かつて、クリントン元大統領による複数のセクハラ疑惑やクラレンス・トーマス最高裁判事よるセクハラ疑惑など政界では過去にもセクハラ疑惑が明るみに出たことはあった。だが、辞職にまでは至っていない。

一方、テレビ界やビジネス界ではセクハラ疑惑が視聴率や事業に悪影響を与えかねないとの危機感から当事者や責任者の退陣が、もはや当然とのムードが強まっている。急成長する米配車大手、ウーバーテクノロジーズでもセクハラ問題が浮上。共同創業者のトラビス・カラニック氏は6月、最高経営責任者(CEO)を辞任した。

18年にセクハラ問題で最も注目されそうな人物はトランプ大統領といわれている。昨年の大統領選中に複数のセクハラ被害を訴える女性が名乗りを上げたが、その後うやむやになっていた。先ごろ告発女性のうち3人が記者会見を開き、議会に調査を要請した。

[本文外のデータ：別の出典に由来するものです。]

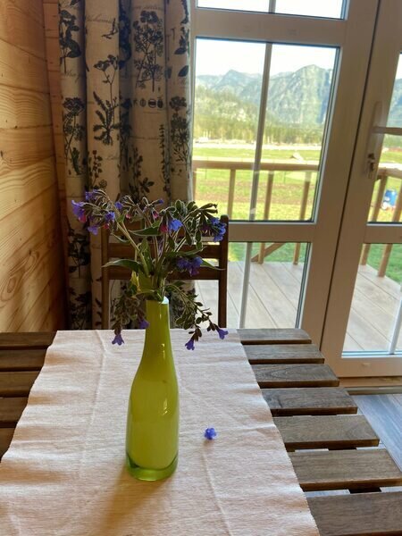 В аиле есть все необходимое для комфортного пребывания 4 человек :2 спальных места с ортопедическими матрасами и белоснежным постельным бельем, полотенца и душевые принадлежности, теплый пол в санузле и массажная зона для стоп с катунскими камушками, фен, терраса для встречи фантастических закатов, бокалы для вина, холодильник, чайник , микроволновка и посуда.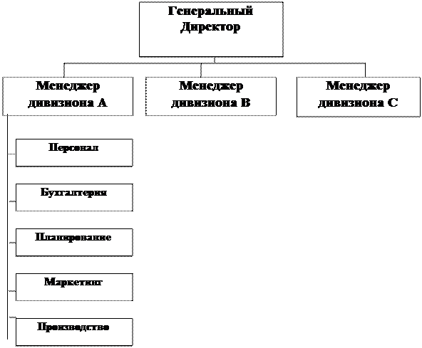 · Часто финансовые службы и управление персоналом могут оставаться организованными функционально, и менеджеры этих функций отчитываются непосредственно перед советом директоров, наряду с менеджерами дивизионов;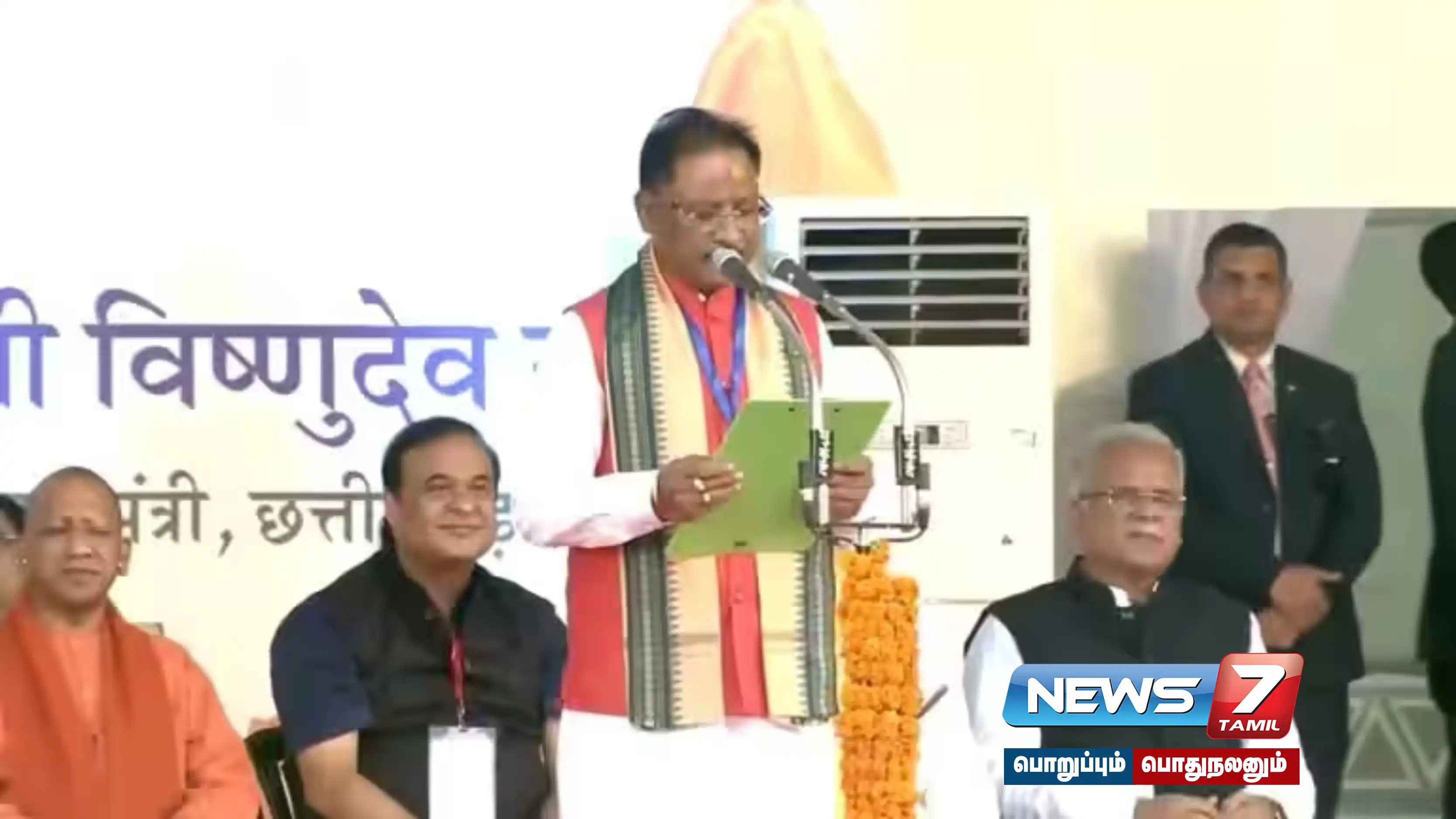சத்தீஸ்கர் முதலமைச்சராக விஷ்ணு தியோ சாய் பதவியேற்றார். அவருக்கு ஆளுநர் பிஸ்வபூஷன் ஹரிசந்தன் பதவிப் பிரமாணம் செய்து வைத்தார்.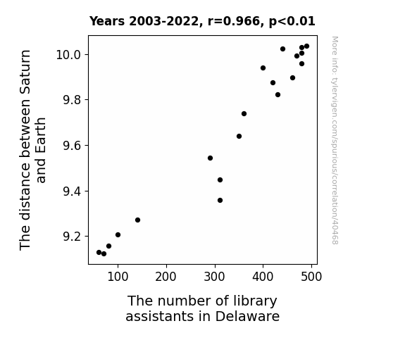 This means 93.3% of the change in the one variable (i.e., The number of library assistants in Delaware) is predictable based on the change in the other (i.e., The distance between Saturn and Earth) over the 20 years from 2003 through 2022.
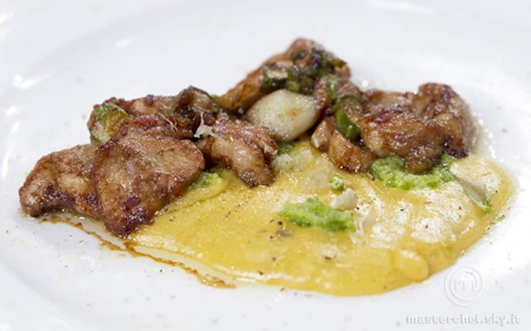 Impiattare adagiando le animelle sullo zabaione e decorare con asparagi e liquirizia tritati.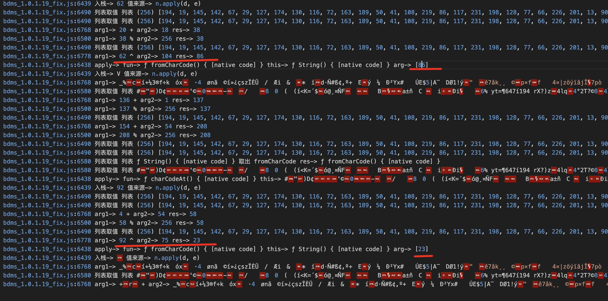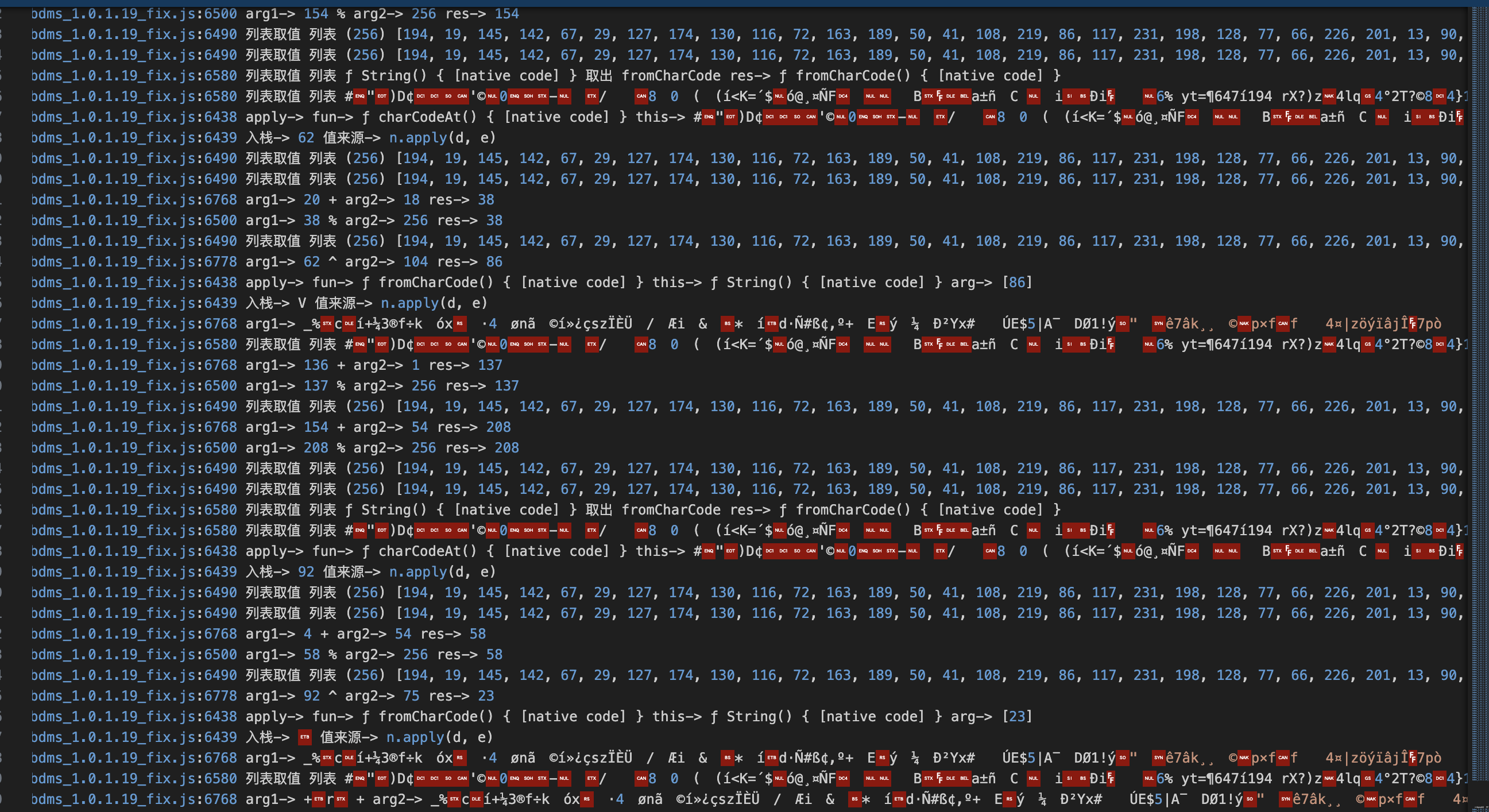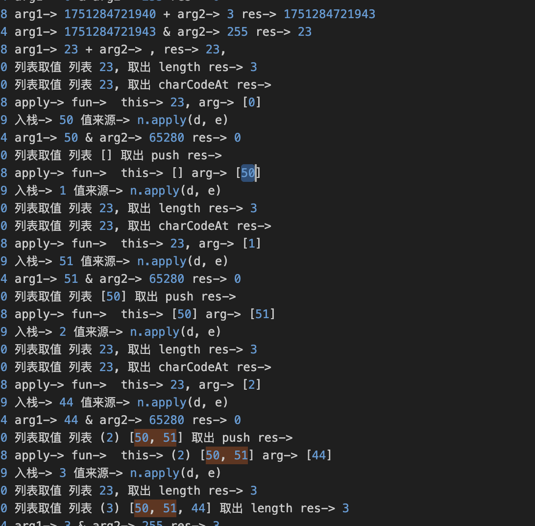 倒着看,会发现很乱,静下心慢慢就发现,这部分其实是在拼接这个乱码,然后这个乱码用于后面的base64,所以我们根据日志遍拿到了后面base64的字节数组(直接用乱码是不行的)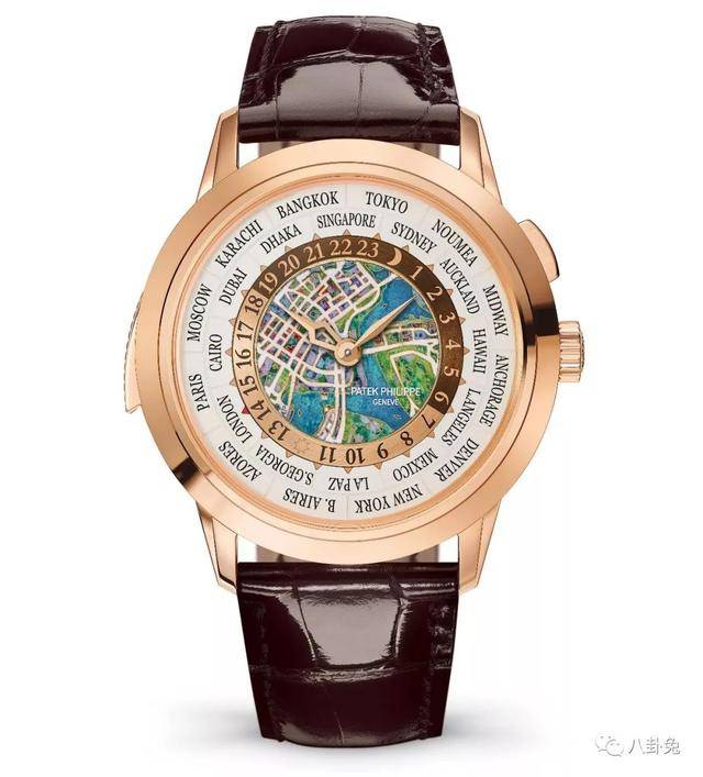 最后还有一块三问世界时Ref.5531R-010,表盘中间是用掐丝珐琅制作的新加坡地图,东八区代表城市也是新加坡,只有5枚。

トランプ大統領は「でっちあげ」と否定。しかし、大統領選中に公表された過去のテレビ番組の収録ビデオで「有名になったら女性器をつかむなど何をしても大丈夫」という本人の発言が全米に公開されたこともあり、国民の目は厳しい。

ツイッターなどのSNS(交流サイト)を通じ、セクハラや性暴力を告発しようという「MeToo(私も)」運動を通じて、自身の経験について沈黙を破る女性が増えたことが、多くのセクハラ問題を白日の下にさらした。

過去の被害を我慢していた中高年も、ミレニアル(1980年代以降生まれ)と呼ばれる世代がセクハラを寛容しない姿勢に触発されたとの見方も出ている。今後もセクハラ問題は、トランプ大統領のケースを含めて米国の政財界が大荒れとなる要因になりそうだ。